Cedar effing Point.
-In The Car-
- (Erika makes mean face)
(Tara hides behind pillow)
Erika(In sad/whiney voice): "C'mon Tara it wasn't that bad, why are you putting the pillow over you're face?"
- Father: "DICK... Fucking Arab"
Father: "SUCKS"
- Olivia: "Dad how old were you when you got married?"
Father: "I was in my teens."
Olivia: "Really?"
Tara: "Were you 12?"
Father: "I'm kidding Olivia.."
Olivia: "So, how old were you?"
Father: "Ughhh, next she'll be asking me if I remembered being born."
Erika: "Olivia, you just got dominated."
Tara: "BY YOUR DAD!"
(Olivia cries possibly)
Father: "Olivia it's ok.. you did good."
Tara to Erika: "You did good? YESSS."
-In The Park-
- Lady who guesses weight/age/ect. to Father: "Hey muscles, why don't you come over here and let me weigh your muscles."
- Lady who guesses weight/age/ect.: "Is that you're mom? Is that my mom?"
- CP Worker: "You shouldnt be talking about beer how old are you?"
Tara: "12."
CP Worker: "You're not 12."
Tara: "Well, how old are you?"
CP Worker: "I'll be 20 in 2 weeks."
Tara: "Oh, so i bet you never drink."
- Tara: "Seriously, have you seen a straight male CP worker this whole time?
- (After riding Dragser)
Tara: "How much do you think that badboys costs? 20 million?
Erika: "I dunno, why?"
Tara: "Cuz when I win the lottery I'll have it built in my backyard.. maybe a vacant lot. I'll have Dragster and Millenium and Power Tower.. 4 of the teal ones."
- Tara: "Yea, and I'll def hire a buncha faggatrons to work there."
Erika: "And Piper cuz she's a faggot too."
Tara: "Cuz she doesn't ride them, she can work on mine, only female I'll allow to work there."
- Tara: "My dad always talks about winning the lottery and keeping like 10 million and giving the rest away.. If I win I won't cuz I'll need my money for my coasters.. if they want charity.. I'll let the rih-tards ride free."
- (Getting ready to get hoisted up for rip cord)
(Workers randomly whip our feet out from under us)
Worker #1: "Ohhh, you got me in the stomach."

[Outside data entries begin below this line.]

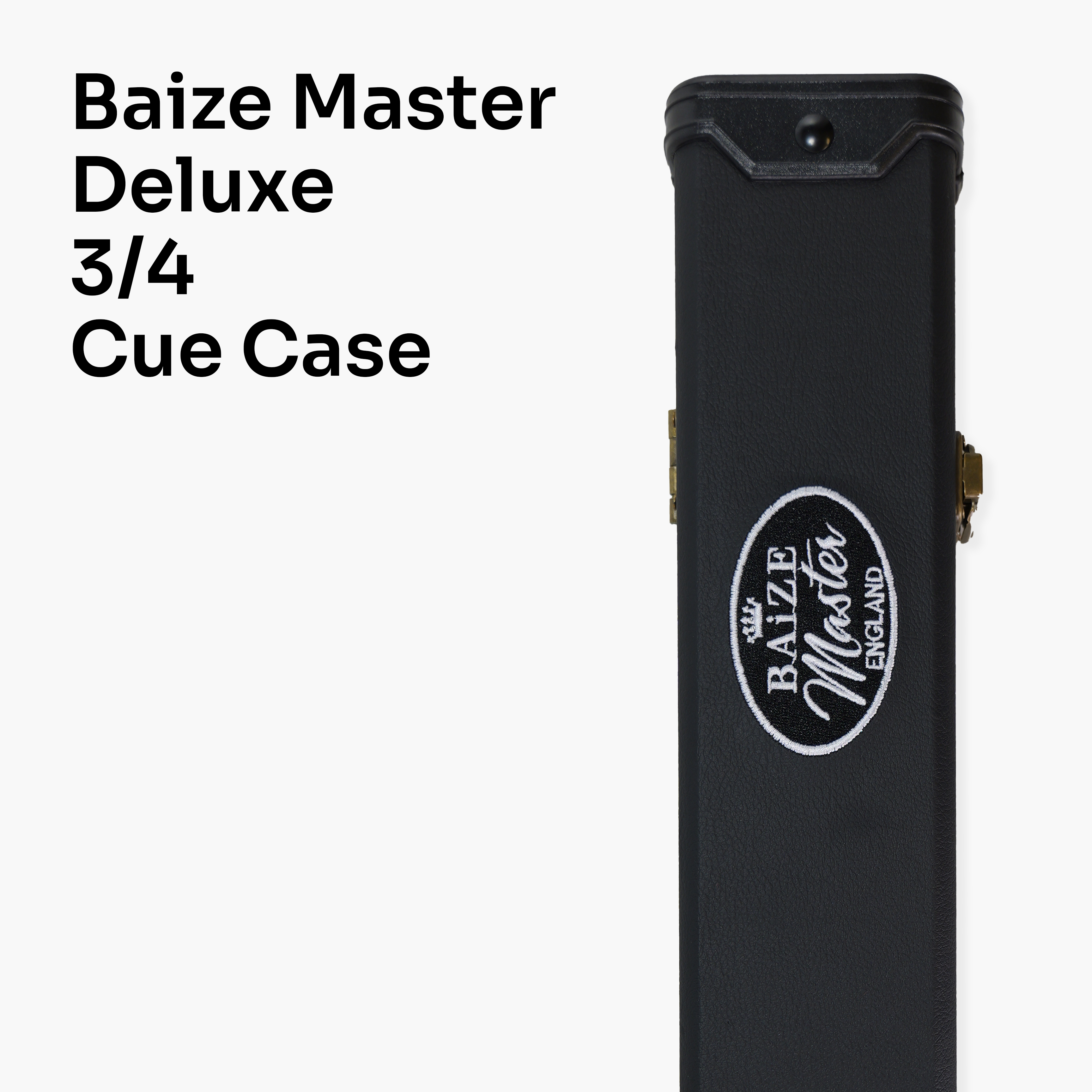 Our deluxe Baize Master 3/4 cue cases feature chunky plastic ends for improved protection mixed with a clean and simple black leatherette external design. Combined with an internal chalk compartment and suede style padded interior to hold the cue tightly in place - this case offers the perfect blend of stylish looks and practical function.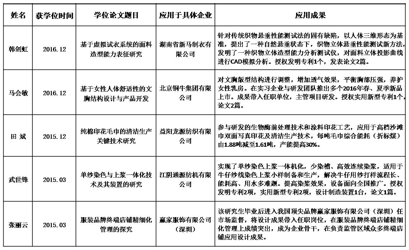 硕士研究生学位论文选题一般针对纺织行业领域实际问题展开,以应用为导向实现学位论文形式和评审的多元化,其中应用研究类占72%,产品开发类占24%,工程设计类占4%。目前,本学位点研究生共有优秀硕士论文培育项目5项,研究成果直接为企业应用,有利地促进了企业节能降耗、产品质量提升、技术改造升级,实现了较好的经济效益和社会效益。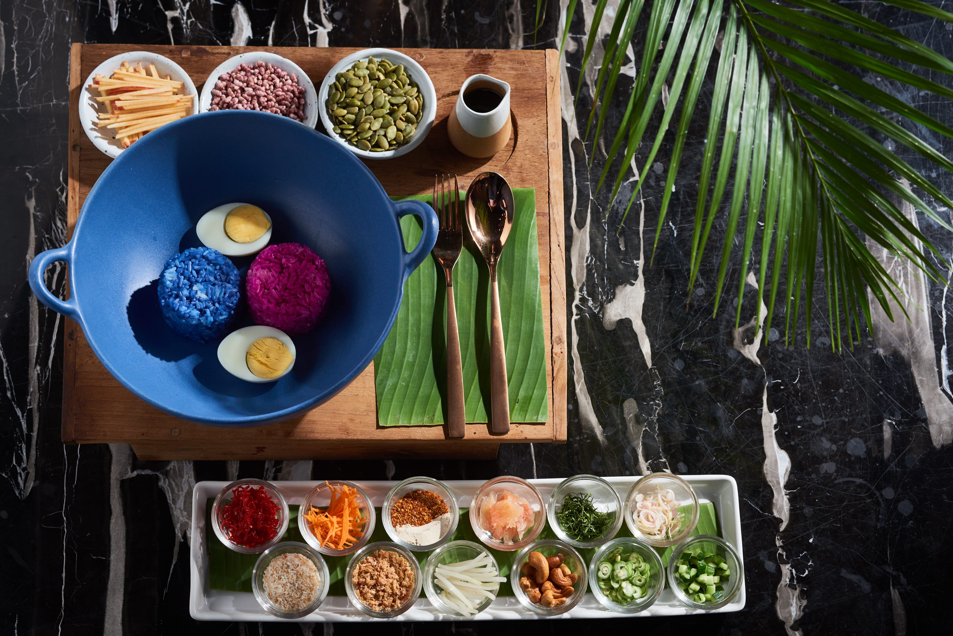 ▲ 完全不含色素,以蝶豆花和紅龍果製作成的雙色米,多達15種配料 拌勻後品嚐,口感豐富層層刺激味蕾。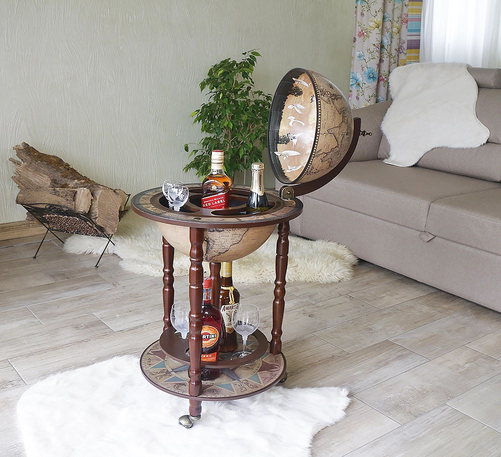 Глобус бар підлоговий Зодіак 33001N підійде як для спиртного, так і для безалкогольних напоїв. Діаметр сфери становить 330 мм. Сфера з красивими зодіакальними картами, всередині сфери можна складати пляшки і фужери, також є підставка внизу бару. Ніжки бару виконані з дерева, сфера – ударостійкий пластик, полки виготовлені з МДФ.Підлоговий бар малого розміру поміститися навіть в самій маленькій квартирі або офісі. Бар глобус Зодіак 33001N – шикарний презент шанованій людині. Також цей сувенір стане підходящим подарунком колективу начальнику або директору.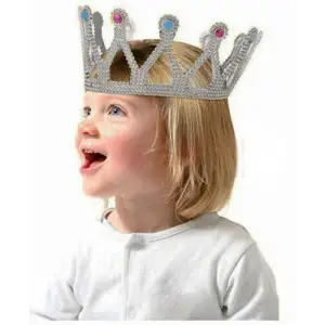 Gümüş Renk Kumaş Malzemeden İmal Çocuk Kral Tacı 57 Cm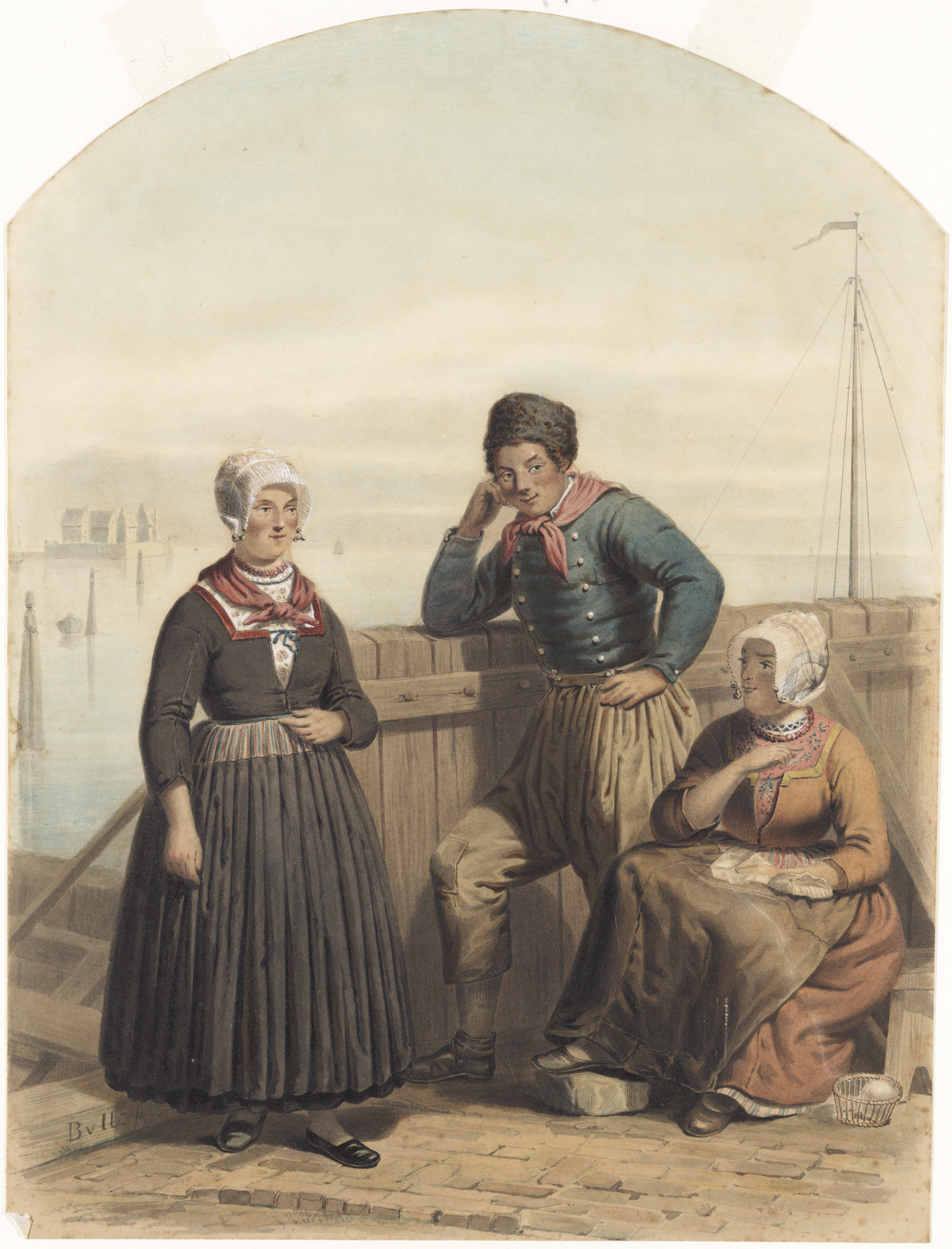 Voorstelling van de dracht van het eiland Schokland rond 1850. Aquarel gemaakt voor plaat X van: Nederlandsche kleederdragten, naar de natuur geteekend = costumes des Pays-Bas, dessinés d'après nature / door Valentijn Bing en [Jan] Braet von Ueberfeldt. - Amsterdam : [s.n.], 1857.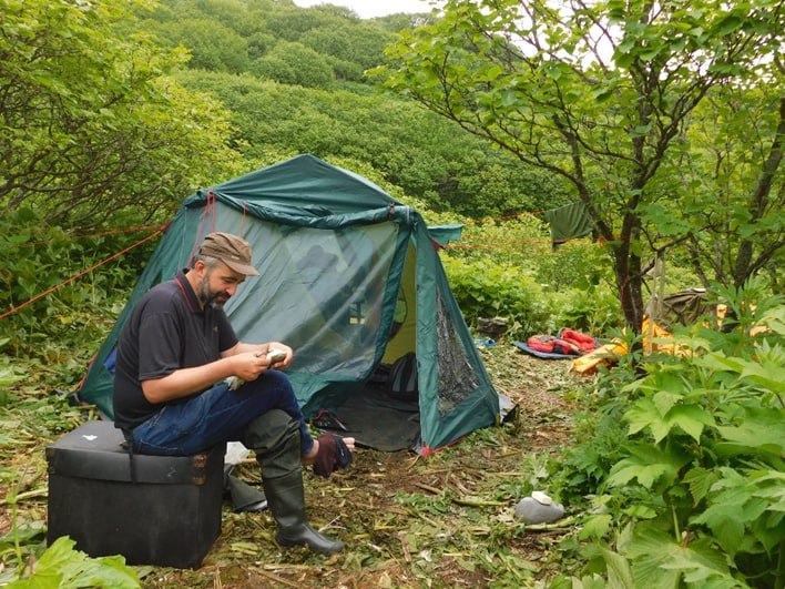 Мы ходили по этой тропе, ловили сетями птиц, кольцевали их, определяли подвиды. Были и занятия таксидермией. Дары для этих занятий предоставляло нам, в числе прочих, море. Есть фотография, на которой я вне палатки препарирую крыло чайки, найденное в бухте, а на ноге у меня пытаются сушиться носки, которые я чуть раньше благополучно промочил. Хочу отметить, что Курилы — ни разу не курорт: это очень холодное место с практически стопроцентной влажностью, поэтому условия были те еще.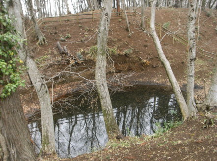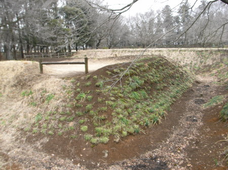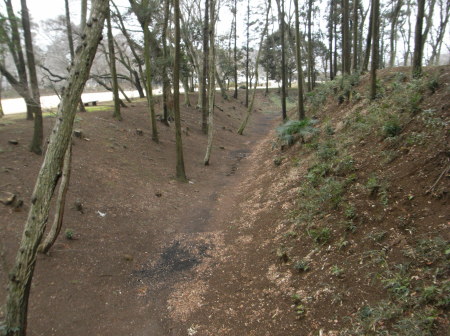 | 二曲輪南の二重堀。奥はかつて蓮沼でした。 | |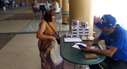 В окупованому Херсоні "волонтери" від керівної російської партії "єдина росія" влаштували роздачу місцевим жителям телевізійних тюнерів, які дозволяють дивитися російські канали.

Tara: "Well, you should have told us what you were doing."
(Getting off of ripcord)
Tara: "Owww, I got pinched."
Erika" Paybacks for elbowing him in the stomach."
-At TGIF-
(Erika flips out about Olivia)
(Tara walks her away and rubs her shoulders)
Random Chiller from TGIF: "Is she ok?"
Tara: "Oh yea, she's just tired."
Tara to Erika: "You know it's bad when random people ask if you're ok."
- Tara: "Hey Abercrombie"
- (After recieving beeper to tell us when our table is ready at TGIF)
Tara: "How much range does this badboy have?"
TGIF Lady = baffled
Tara: "I mean.. can we go back to our room?"
TGIF Lady: "Ohhh.."
- (After talking to waitor FROM MICHIGAN too)
Waitor: "So, do you even want the Pistons to win?"
Death Stares From Around The Table
Waitor: "Rooting for the home team, huh?"
-Randoms-
Suntan Lotion Smiley Faces
One word.. Fishflies
-Words/Phrases of the weekend-
Dominated
K Bye
Tschus Out/Tschus Out Negs
^major props to Tara for organizing that entire list
kinda got lucky that daddy let me bring someone and that tara could come w/ like 2 days notice... amazing... for any forgotten points, refer to Tara's journal.